---------- MATERIAL FOR THE TASK
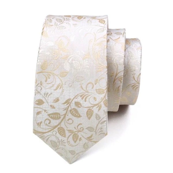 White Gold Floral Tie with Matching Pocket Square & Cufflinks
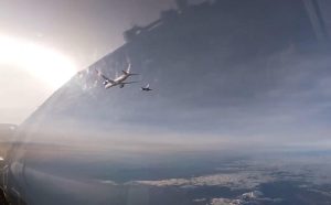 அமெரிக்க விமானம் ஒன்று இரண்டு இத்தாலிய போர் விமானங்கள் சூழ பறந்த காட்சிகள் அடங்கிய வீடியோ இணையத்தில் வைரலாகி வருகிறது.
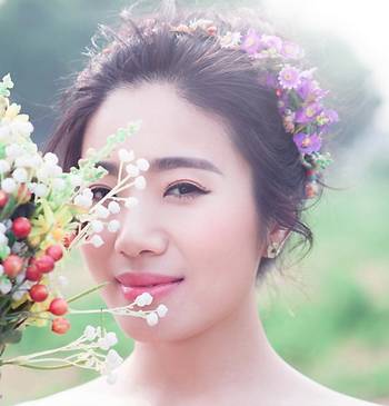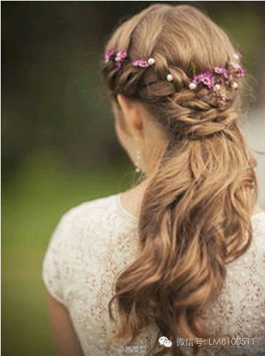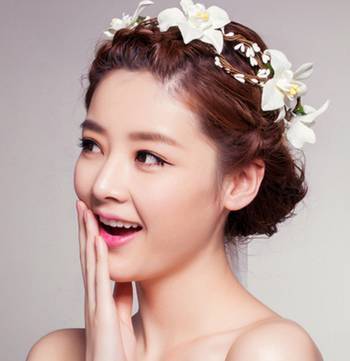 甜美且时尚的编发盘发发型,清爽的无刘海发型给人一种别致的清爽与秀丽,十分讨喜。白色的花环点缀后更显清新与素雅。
--------------------
---------- MATERIAL FOR THE TASK
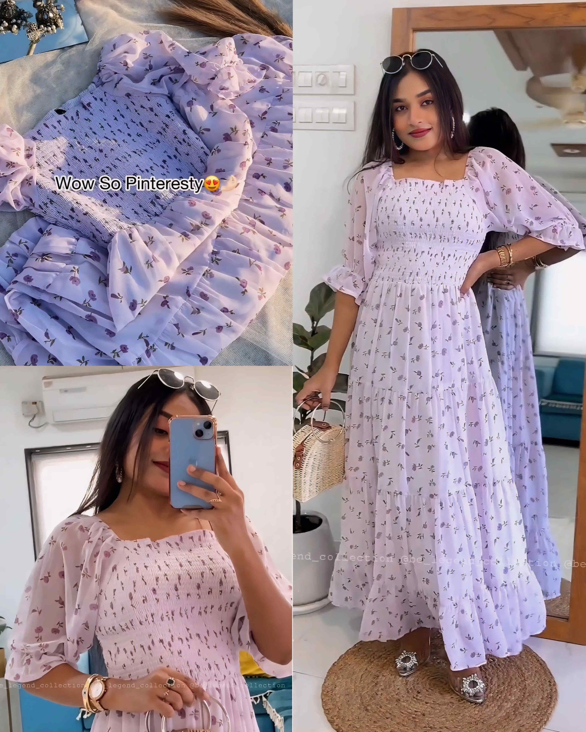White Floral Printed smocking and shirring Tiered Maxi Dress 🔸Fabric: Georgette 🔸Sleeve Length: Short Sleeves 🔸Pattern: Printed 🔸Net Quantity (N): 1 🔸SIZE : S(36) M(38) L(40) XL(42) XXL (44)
--------------------
### WORK REQUIRED:
Would you write out exactly the lines above, starting at the line containing "White Gold Floral" and stopping after the line containing "甜美且时尚的编发盘发发型,清"? Omit the pictures.

### SOLUTION BELOW:
 White Gold Floral Tie with Matching Pocket Square & Cufflinks
 அமெரிக்க விமானம் ஒன்று இரண்டு இத்தாலிய போர் விமானங்கள் சூழ பறந்த காட்சிகள் அடங்கிய வீடியோ இணையத்தில் வைரலாகி வருகிறது.
 甜美且时尚的编发盘发发型,清爽的无刘海发型给人一种别致的清爽与秀丽,十分讨喜。白色的花环点缀后更显清新与素雅。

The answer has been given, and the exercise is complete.